By simply labeling the feeling, you are building a bridge between the emotional chaos and the logical order. You are forcing the “CEO” of your brain to come back into the office and take charge of the alarm system.
Research shows that the simple act of labeling a negative emotion creates immediate soothing in the nervous system. It creates distance.
Think of it like this: When you are drowning in the emotion, you are the anger. You and the anger are one. But when you say, “I am feeling angry,” you create space. You become the observer of the emotion. You are the sky; the emotion is just the weather passing through. The sky does not fight the storm; it holds the storm until it passes.
A Story of the Pivot
I want to tell you about Mark (not his real name), a pastor I coached recently. Mark is a high-capacity leader, brilliant and driven. But he was struggling with what he called a “short fuse.”
He told me, “Bud, I go from zero to sixty in seconds. My staff walks on eggshells around me. I don’t want to be this guy.”
We started working on the pillar of Composure. I taught him Name to Tame.
A few weeks later, Mark faced a crisis. A key initiative he had worked on for months was blocked by a committee vote. He felt the heat rising. He felt the urge to launch into a lecture about their lack of vision. He felt the urge to burn the bridge.
But he remembered the micro-action.
He stopped. He looked down at his notepad. And he wrote one word: “Betrayed.”
He stared at the word. Betrayed.
That was the feeling. He felt that his team hadn’t supported him.
In that moment of naming it, the red haze lifted just an inch. He realized, “Okay. I am feeling betrayed. That is a heavy feeling. But if I yell right now, I am going to prove them right to vote no.”
He took a breath. He looked up. Instead of yelling, he said, “I need to process this. Let’s reconvene tomorrow.”
Mark walked out of that room with his leadership intact. He walked out with his Tenacity preserved.
He didn’t suppress the anger—he dealt with it later. But he didn’t let the anger drive the bus. He named the tame, and in doing so, he mastered the pressure.
The Nuance of Vocabulary
As you practice this, you might realize something surprising: most of us have a very limited emotional vocabulary. We usually stick to the “Big Three”: Mad, Sad, or Glad.
But Primal Resilience requires precision.
There is a difference between “Angry” and “Hurt.” There is a difference between “Anxious” and “Excited.” There is a difference between “Lonely” and “Bored.”
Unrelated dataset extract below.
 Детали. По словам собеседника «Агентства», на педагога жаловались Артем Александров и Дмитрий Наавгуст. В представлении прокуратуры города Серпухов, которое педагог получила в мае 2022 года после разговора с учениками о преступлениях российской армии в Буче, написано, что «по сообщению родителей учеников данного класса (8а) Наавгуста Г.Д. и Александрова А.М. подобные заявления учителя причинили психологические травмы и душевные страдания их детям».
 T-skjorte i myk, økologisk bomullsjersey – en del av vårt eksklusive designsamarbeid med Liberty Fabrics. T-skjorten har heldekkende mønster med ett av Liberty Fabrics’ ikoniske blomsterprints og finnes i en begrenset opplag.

The more specific you can be with your label, the more power you take back. “Hurt” requires a different solution than “Angry.” If you treat hurt like anger, you lash out. If you treat hurt like hurt, you might reach out for connection (Collaboration).
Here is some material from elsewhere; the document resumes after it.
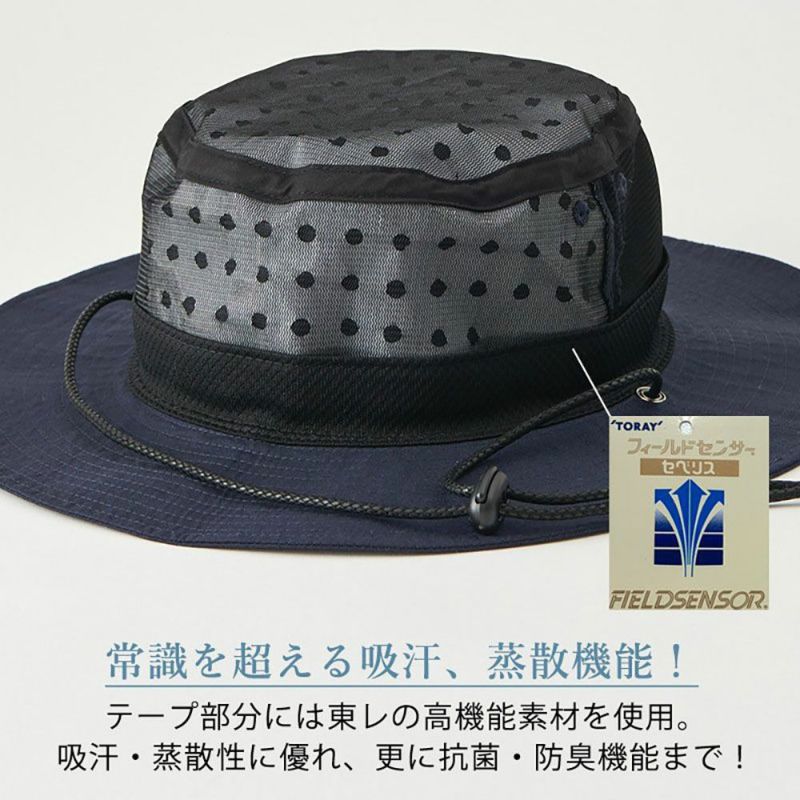 頭のてっぺんには風通し用のスリットもあり、ハット内に溜まった熱気を逃がし通気性抜群。また、額に触れる部分には汗を吸収して速乾させる「フィールドセンサー」という素材を採用し、着用中の不快感も軽減します。

Expanding your emotional vocabulary is part of the work of Reasoning (Cognitive Clarity). It allows you to diagnose your own internal state with the precision of a surgeon, rather than swinging a sledgehammer at every problem.
Your Challenge for Today
We are building a capacity here. We are building the muscle of Emotional Integrity.
This week, I want you to try this. You don’t have to wait for a crisis. Practice on the small things.
When you hit traffic and feel the irritation: say out loud, “Irritated.” When you look at your calendar and feel the weight: say out loud, “Overwhelmed.” When you get a kind text and feel a warmth: say out loud, “Grateful.”
Notice what happens in your body when you say the word. Notice that split-second of relief, that tiny exhale where the observer steps in.
That tiny exhale is the gap between reactivity and resilience. That is where your leadership lives.
You are not at the mercy of your feelings. You were created to master them, to use them as data, not as directives.
Master the basics, friends. Name the feeling. Tame the fire. Master the pressure.